◆ **YOUR GOAL**: Reproduce the following data exactly, minus any images.

_ _ _ _ _ _ _

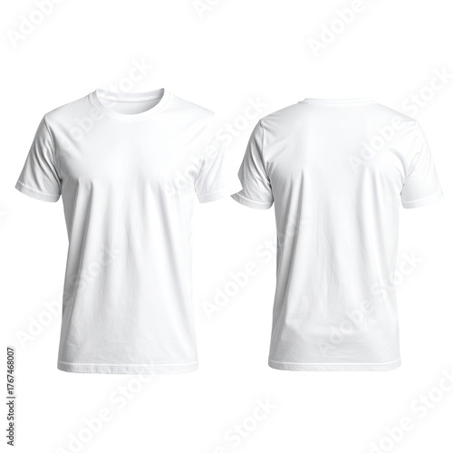 t-shirt, white, plain, front, back, view, apparel, clothing, cotton, fabric, textile, template, design, blank, empty, sleeve, collar, neck, round, casual attire, unisex, simple, basic, everyday, minimalist, fashion, style, wearable, garment, isolated, clean, pure, modern, neutral, summer, spring, hard-wearing, classic, comfortable, soft, smooth, ready, customize, product, texture, surface
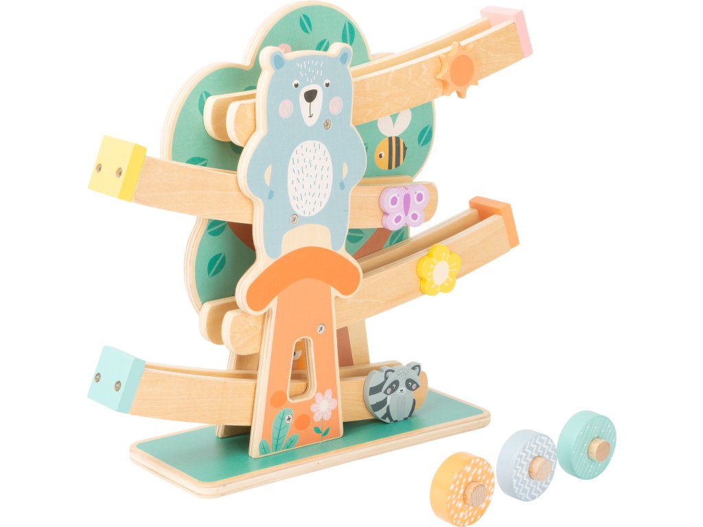 Rychlý sestup kouzelným lesem? Na této robustní dráze v pastelových tónech se po svahu zdobeném lesními obyvateli rozběhnou tři různá barevná dřevěná kola zdobená moderními vzory. Obzvláště stabilní se širokou základnou. Hlavní vlastnosti: dřevěná hračkapastelové barvyrozvíjí zručnost dětí
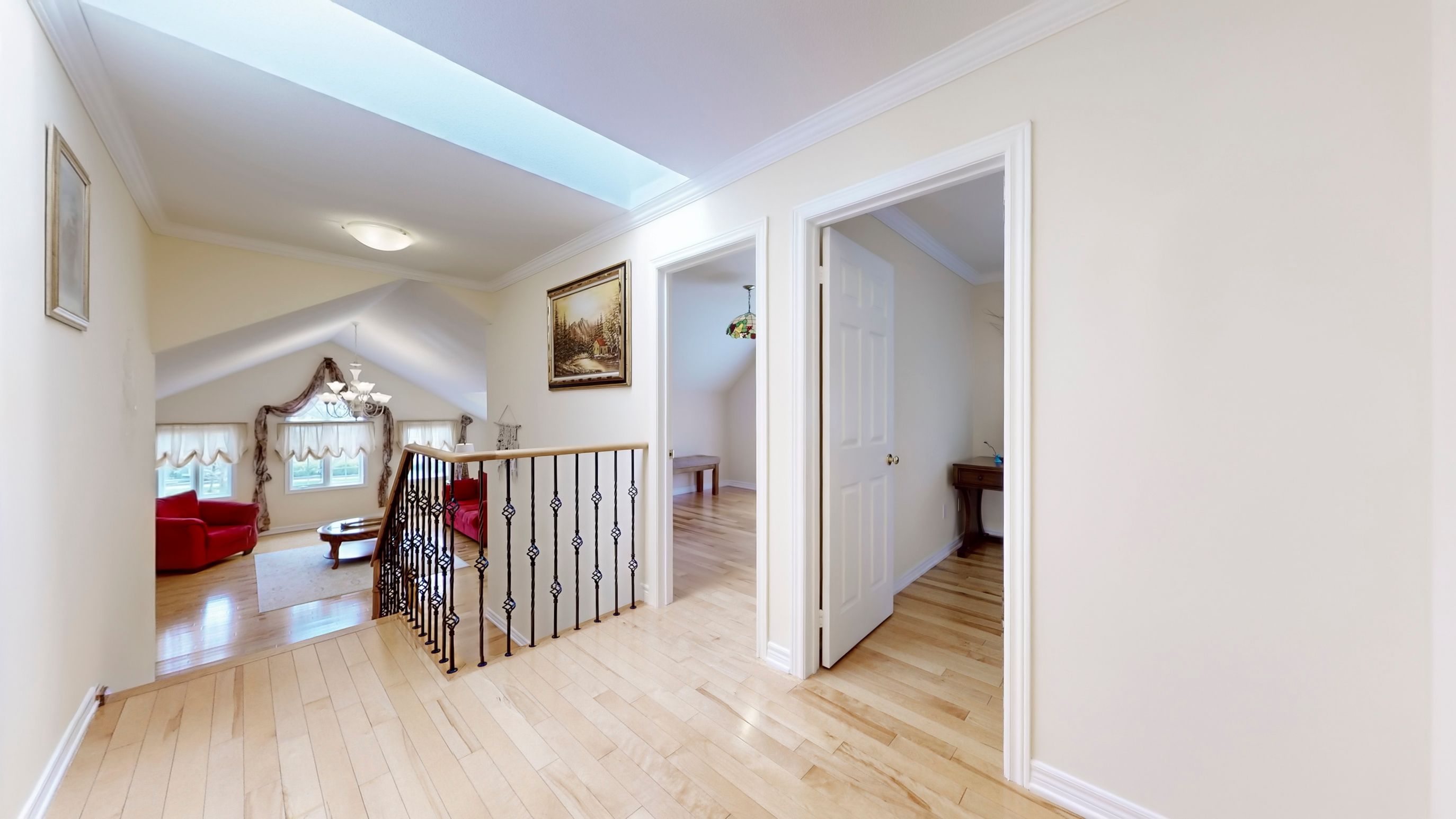Gorgeous home backing on park! The bright 2500 sf home sits on a desirable corner lot in the heart of ajax. The bright open layout includes a separate dining room with a bay window and gorgeous family room with vaulted ceilings and gas fireplace. The oversized primary suite w/ensuite bath & 2 separate closets (walk-in + double). Hardwood floor through out main & 2nd. The skylight on 2nd floor provides ample light and bright. Finished basement with separate entrance, w/4 pc bath. Professionally landscaped, fully fenced backyard backing onto forest ridge park. Walking distance to primary and secondary schools, parks, shopping, and transit. Just move in and enjoy.
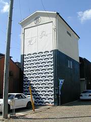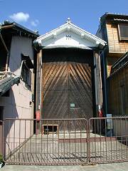 | 両隣りの建物にキッチリ挟まれて窮屈そうです. | 扉に青海波の文様がきれいに描かれています. | 純土蔵造りです. | 熊野社の境内に建ちます. |
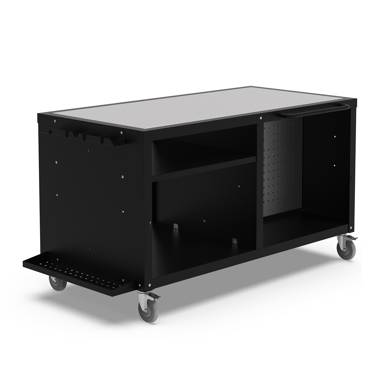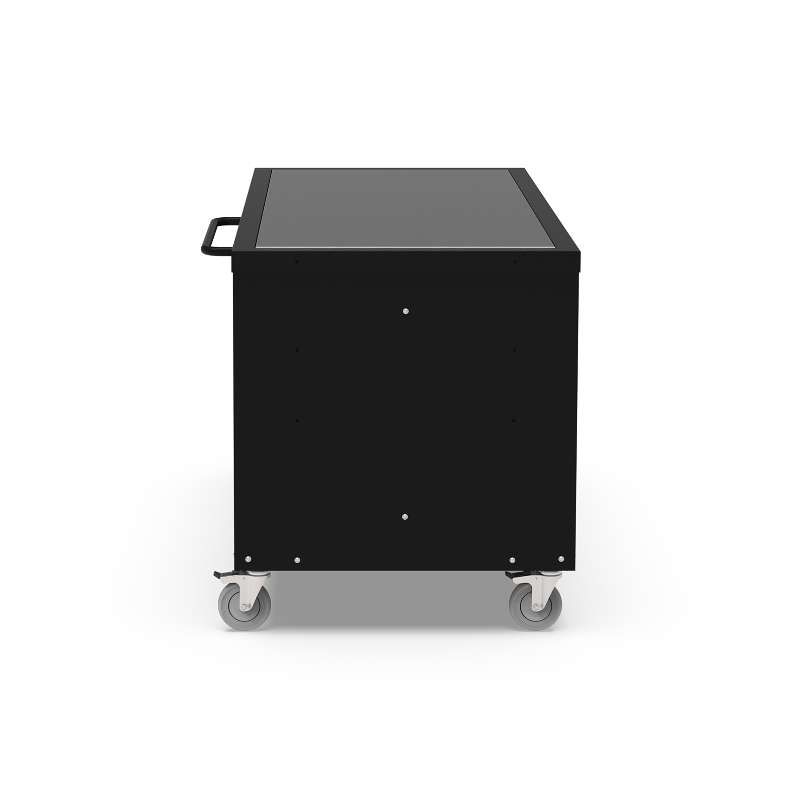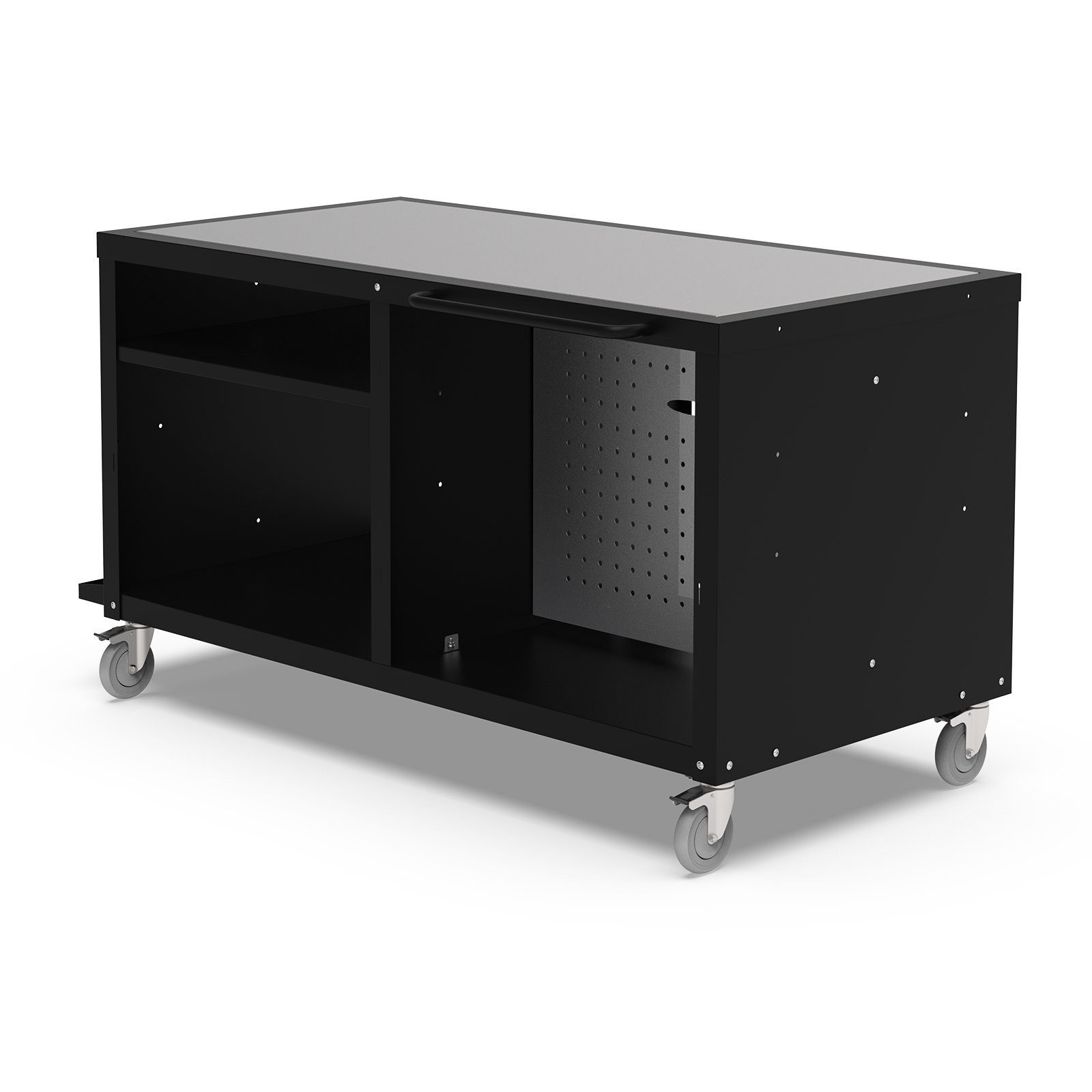 - 4 robuste Rollen mit Bremse für sichere und stabile Mobilität

_ _ _ _ _ _ _

◆ **COMPLETED EXERCISE**:
 t-shirt, white, plain, front, back, view, apparel, clothing, cotton, fabric, textile, template, design, blank, empty, sleeve, collar, neck, round, casual attire, unisex, simple, basic, everyday, minimalist, fashion, style, wearable, garment, isolated, clean, pure, modern, neutral, summer, spring, hard-wearing, classic, comfortable, soft, smooth, ready, customize, product, texture, surface
 Rychlý sestup kouzelným lesem? Na této robustní dráze v pastelových tónech se po svahu zdobeném lesními obyvateli rozběhnou tři různá barevná dřevěná kola zdobená moderními vzory. Obzvláště stabilní se širokou základnou. Hlavní vlastnosti: dřevěná hračkapastelové barvyrozvíjí zručnost dětí
Gorgeous home backing on park! The bright 2500 sf home sits on a desirable corner lot in the heart of ajax. The bright open layout includes a separate dining room with a bay window and gorgeous family room with vaulted ceilings and gas fireplace. The oversized primary suite w/ensuite bath & 2 separate closets (walk-in + double). Hardwood floor through out main & 2nd. The skylight on 2nd floor provides ample light and bright. Finished basement with separate entrance, w/4 pc bath. Professionally landscaped, fully fenced backyard backing onto forest ridge park. Walking distance to primary and secondary schools, parks, shopping, and transit. Just move in and enjoy.
 | 両隣りの建物にキッチリ挟まれて窮屈そうです. | 扉に青海波の文様がきれいに描かれています. | 純土蔵造りです. | 熊野社の境内に建ちます. |
 - 4 robuste Rollen mit Bremse für sichere und stabile Mobilität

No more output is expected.